Start the Streamlit application
If you are using "Dockerized" solution, don’t forget to add -p 8501:8501
as streamlit opens on 8501 by default.
streamlit run app.py
- After sending your query, the app will search through the embeddings created from texts and images in the PDF documents.
- You will then receive a response along with the top 3 sources from which the information was extracted
Demo Snippet and Video
As demonstrated in the video below, we addressed a question where the required information was contained within a graphic rather than text. The RAG system successfully provided the correct answer, complete with relevant sources!

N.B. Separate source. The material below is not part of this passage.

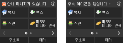 ![]() <안내 메시지가 있습니다.> 또는 <우측 아이콘을 탭합니다 ->>가 표시되는 경우 |

Check out our Github page for more code snippets and a complete app implementation. Share comments and thoughts with us at hello@cohorte.co.
Conclusion
Multimodal RAG is a powerful tool for enhancing document processing workflows. Its advanced capabilities include extracting and converting images from PDF documents to text. By using this guide, users can leverage OCR, NLP, and machine learning to extract and analyze data more efficiently and effectively.